The number of bytes currently in use by the index buffer was added to the indices stats API in 1.3.0. You can see it by looking at the indices.segments.index_writer_memory value. This is not yet plotted in Marvel and will be added in the coming version, but you can add a chart yourself (Marvel still collects the data).

Coming in 1.4.0, the indices stats API also shows exactly how much RAM buffer was allocated to each active shard as indices.segments.index_writer_max_memory. To see these values per-shard for a given index, use the http://host:9200/<indexName>/_stats?level=shards; this will return the stats per shard as well as the totals across all shards.

Use auto id or pick a good id

If you do not care what id your documents have, let Elasticsearch automatically assign them: this case is optimized (as of 1.2) to save an ID and version lookup per document, and you can see the performance difference in Elasticsearch's nightly indexing benchmarks (compare the Fast and FastUpdate lines).

If you do have your own ids, try to pick one that is fast for Lucene if that is under your control, and upgrade to at least 1.3.2 since there were further optimizations to id lookup.
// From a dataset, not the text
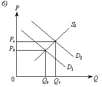 На рис. 9.1в показано, що результатом буде зниження ціни — з Ps до Pi і до P0 і велика зміна пропонованої продукції (з Q0 до Qi і до Q?i) як реакція на розширення попиту. Останнє свідчить, що затрати праці та витрати виробництва знизилися до вихідного пункту, яким є ціна P0, хоча масштаби виробництва, пропонування і попиту збільшилися.

Just remember that java's UUID.randomUUID() is the worst choice for an id because it has no predictability or pattern on how ids are assigned to segments, causing a seek per segment in the worst case.

You can see the difference in indexing rate as reported by Marvel when using Flake IDs:

versus using fully random UUIDs:

Coming in 1.4.0, we have switched Elasticsearch's auto-generated IDs from random UUIDs to Flake IDs.
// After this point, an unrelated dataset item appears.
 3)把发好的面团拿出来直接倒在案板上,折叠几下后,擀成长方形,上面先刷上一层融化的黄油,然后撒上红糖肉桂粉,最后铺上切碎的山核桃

If you are curious about the low-level operations Lucene is doing on your index, try enabling lucene.iw TRACE logging (available in 1.2). This produces very verbose output but can be helpful to understand what is happening at the Lucene IndexWriter level. The output is very low-level; Marvel provides a much better real-time graphical view on what is happening to the index.

Scaling out

Remember, we focused here on tuning performance for a single shard (Lucene index) but once you are happy with that, where Elasticsearch really shines is in easily scaling out your indexing and searching across a full cluster of machines. So be sure to increase your shard count again (the default is currently 5), which buys you concurrency across machines, a larger maximum index size, and lower latency when searching. Also remember to increase your replicas to at least 1 so you have redundancy to hardware failures.

Finally, if you are still having trouble, get in touch, e.g. through the Elasticsearch user list. Maybe there is an exciting bug to fix (patches are always welcome!).